I keep seeing them mentioned on here. I know they aren't 100% accurate so my question is, have any of you used them and did they prove to be right? 
I am still struggling with not being able to believe my husband only saw one escort and I feel like I will never be able to move past this and the trust issues without knowing all there is to know. I look forward to others experiences.


----------



## Tony55 (Jun 8, 2012)

Angelvamp64 said:


> I keep seeing them mentioned on here. I know they aren't 100% accurate so my question is, have any of you used them and did they prove to be right?
> I am still struggling with not being able to believe my husband only saw one escort and I feel like I will never be able to move past this and the trust issues without knowing all there is to know. I look forward to others experiences.
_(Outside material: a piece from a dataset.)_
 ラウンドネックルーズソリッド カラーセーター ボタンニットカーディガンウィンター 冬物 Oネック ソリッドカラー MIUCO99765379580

Just my opinion, but, if I had an issue with my spouse that was so dire, that it required consideration of a polygraph, I'd be gone.

T


----------



## Angelvamp64 (Dec 10, 2012)

Well, I know many people feel that way but I am willing to work through this as he is willing to anything it takes to prove to me how sorry he is and that I can believe him. He is doing all he can to make this right.


----------



## Will_Kane (Feb 26, 2012)

Angelvamp64 said:


> I keep seeing them mentioned on here. I know they aren't 100% accurate so my question is, have any of you used them and did they prove to be right?
> I am still struggling with not being able to believe my husband only saw one escort and I feel like I will never be able to move past this and the trust issues without knowing all there is to know. I look forward to others experiences.


They are used by law enforcement, but in the US they are not admissible as evidence. The reason law enforcement uses them is not always because they believe in their accuracy, but rather it is one more interrogation technique that could shed light on the investigation.

Their reliablility is affected by many factors, including the skill of the person administering it, the phrasing of the questions, and the knowledge of the person taking the test in how to defeat it.

The willingness to take one under the belief that they are very accurate could give you an indication of whether or not he is telling the truth. If he doesn't know how to beat the test, I believe they are more than 50% reliable.


----------



## Angelvamp64 (Dec 10, 2012)

Yeah, that's the problem, anyone can Google how to beat one.

I am hoping that maybe if he really thought I would go through with one he might come clean if there is more truth to tell, you know? Kind of like calling his bluff in a way.


----------



## 3putt (Dec 3, 2012)

Angelvamp64 said:


> Yeah, that's the problem, anyone can Google how to beat one.
> 
> I am hoping that maybe if he really thought I would go through with one he might come clean if there is more truth to tell, you know? Kind of like calling his bluff in a way.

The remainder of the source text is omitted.